The stricken vessel was a jackup rig belonging to a major drilling contractor; the voice belonged to their VP for Projects. He wasn’t happy. Out in the Egyptian Red Sea, the rig’s blocks had smashed together, shearing off and crashing onto the drill floor and drilling equipment, damaging the derrick and substructure as they went. Fortunately, no one was injured. We rapidly assembled our small multi-disciplinary task force and mobilized to Cairo.

When we arrived, the rig lay alongside a cargo jetty just outside Port Suez. Despite appearances—the rig’s crane-like legs and derrick rising into the sky—there were no actual cranes or any infrastructure to support such a large repair project. This serious problem was  compounded by our client’s desire to kill two birds by undertaking essential equipment maintenance while the rig was docked. The damage itself was covered by insurance, but we gained a boatload of paperwork that threatened to push us off job one—getting the rig ‘drill ready’ again.

Naturally, the Egyptian field operator was keen to get our client’s rig back to service quick smart—two months, by their count. We saw things differently, however. The initial investigation had identified another fracture (a breakdown in the rig crew’s cohesiveness) as a key reason for the dropped block. In an effort to rally the crew, the VP now wanted them to manage and deliver the project themselves, albeit with our support. Which presented one final hurdle; the crew had never handled a repair project on this scale.

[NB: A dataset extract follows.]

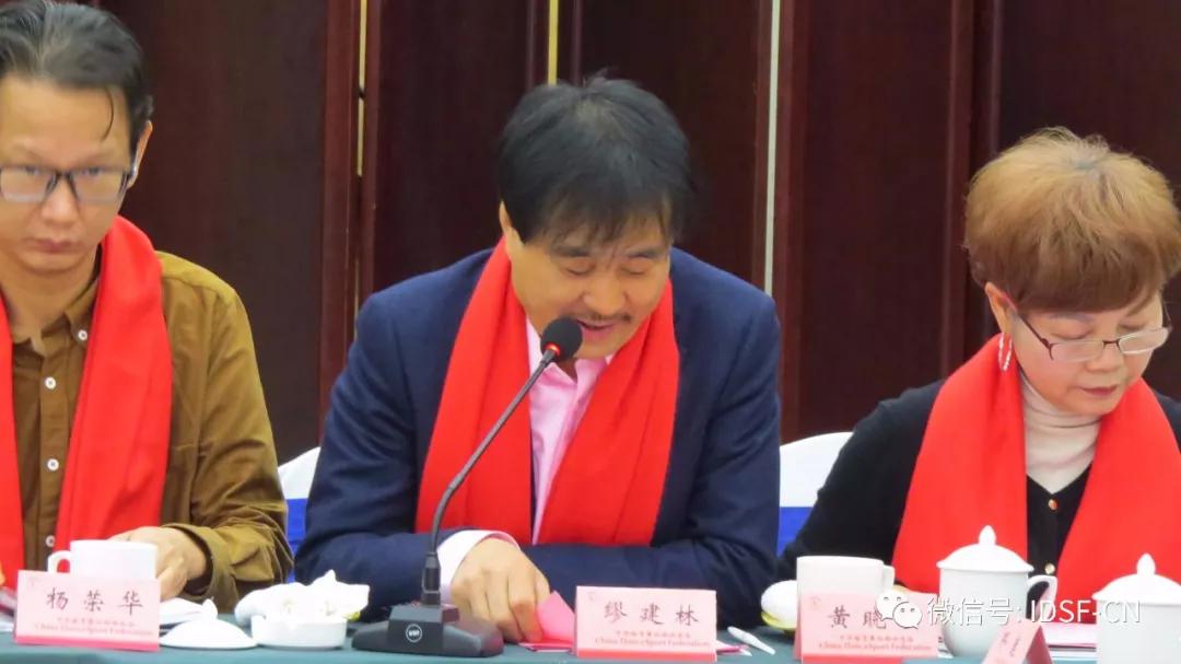 中华体育舞蹈联合总会、张家港市国际标准舞协会会长缪建林作了《拥抱新时代 担当新使命》的工作报告。报告总结了2018年的主要工作成绩,并做出2019年度工作计划。 缪会长号召广大舞蹈教育工作者以党的十九大精神和习近平新时代中国特色社会主义思想为指导,以不断实现人民对美好生活的向往为目标,全力普及开展体育舞蹈活动,不断提升国际标准舞水平,全面加强体育舞蹈队伍建设,体育舞蹈队伍发展迅速,总会会员队伍不断壮大,坚持公平、公正、公开做好舞蹈的考级考牌工作,大力拓展各类平台和载体建设,全面提高体育舞蹈学校和培训中心的综合水平,推动各地体育舞蹈(国标舞)更加繁荣兴旺,为繁荣民族文化,丰富人民群众精神文化生活作出新的贡献!

After outlining the scope of repair and developing a risk profile for the project, we knew that two months just wasn’t feasible. Our report encouraged an earnings forecast adjustment based on a probable return to duty of three months. It was a hard pill to swallow, but the client trusted our expertise and the perspective we brought to the job. Now they knew where they stood and could plan accordingly. We set to work, knowing things would be tight even with four extra weeks. Given a realistic deadline, though, the crew perked up. With our mentoring,  hey proved themselves keen and capable. Vessel and crew were back at sea within the planned three months.

So what?
Our client’s rig returned to service with all due speed; the crew regained morale and cohesiveness through our leadership and support; forecast earnings were adjusted in line with our planning, preventing any additional surprise losses; the insurance claim was accepted and settled; and our client’s regional reputation with their field operator client was restored. The drilling contractor has used our services every year since.

This was our first project back in November 2002, just days after incorporating. Since then, we’ve delivered almost 200 others.